Provided material:

+++

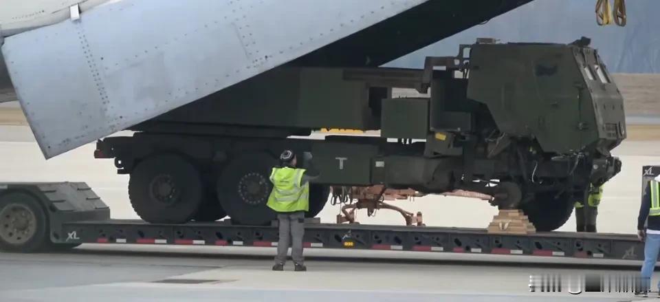 “海马斯”回家了。俄军没有说错,一次打击行动中,“海马斯”有被摧毁和击伤。不管承不承认,两辆“海马斯”搭着安—124在美国宾夕法尼亚州的哈里斯堡机场卸载,回到老家养伤。 从车体外面的伤痕看,弹片伤无疑。可能是一个车队,有些被摧毁了,这辆隔的比较远擦了点皮,按照欧美武器的电子化程度,里面元器件受到了损伤。不返厂修不了了,美国也不会让这种技术在美国外公布,要么被人模仿了,市场不好开展。
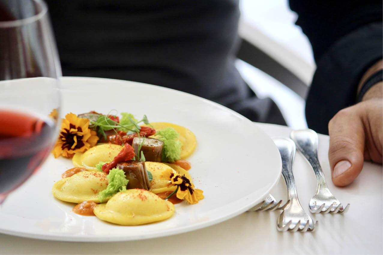Ravioli | Burrata-Tomatenfüllung | Baby-Melanzana | Basilikumschwamm – FOTO: Meraner Hof
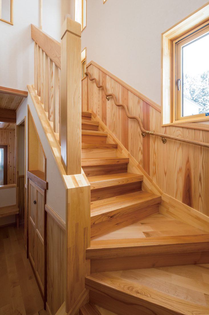 さらに秋田県産材は自社で大工さんが加工することにより、無駄なく活用され、コスト削減を可能にしている。「お子さんのアレルギーなどを心配されている方や、自然素材を使って、地元の工務店で建てたいという方に、選んでいたくことが多いですね。」と話すのは代表の阿部さん。本誌でも何度か取り上げたことのある新木造住宅技術研究協議会(新住協)の会員でもあり、断熱性能にもこだわりがある。「冬が長い地域ですので、暖房器具1台で全館暖房が可能な仕組みを考えるようにしています」と阿部さん。 実家でも長くだるまストーブを使用してきたというAさんは、新居にも薪ストーブを導入したが「これ一台で家じゅう暖かいし、燃焼効率がいいストーブを提案していただいたので、薪が少なくて済んでいて驚いています」と暮らしの実感を語る。

+++

To do:
Word for word, restate all of the material above except its pictures.

Exercise result:
 “海马斯”回家了。俄军没有说错,一次打击行动中,“海马斯”有被摧毁和击伤。不管承不承认,两辆“海马斯”搭着安—124在美国宾夕法尼亚州的哈里斯堡机场卸载,回到老家养伤。 从车体外面的伤痕看,弹片伤无疑。可能是一个车队,有些被摧毁了,这辆隔的比较远擦了点皮,按照欧美武器的电子化程度,里面元器件受到了损伤。不返厂修不了了,美国也不会让这种技术在美国外公布,要么被人模仿了,市场不好开展。
Ravioli | Burrata-Tomatenfüllung | Baby-Melanzana | Basilikumschwamm – FOTO: Meraner Hof
 さらに秋田県産材は自社で大工さんが加工することにより、無駄なく活用され、コスト削減を可能にしている。「お子さんのアレルギーなどを心配されている方や、自然素材を使って、地元の工務店で建てたいという方に、選んでいたくことが多いですね。」と話すのは代表の阿部さん。本誌でも何度か取り上げたことのある新木造住宅技術研究協議会(新住協)の会員でもあり、断熱性能にもこだわりがある。「冬が長い地域ですので、暖房器具1台で全館暖房が可能な仕組みを考えるようにしています」と阿部さん。 実家でも長くだるまストーブを使用してきたというAさんは、新居にも薪ストーブを導入したが「これ一台で家じゅう暖かいし、燃焼効率がいいストーブを提案していただいたので、薪が少なくて済んでいて驚いています」と暮らしの実感を語る。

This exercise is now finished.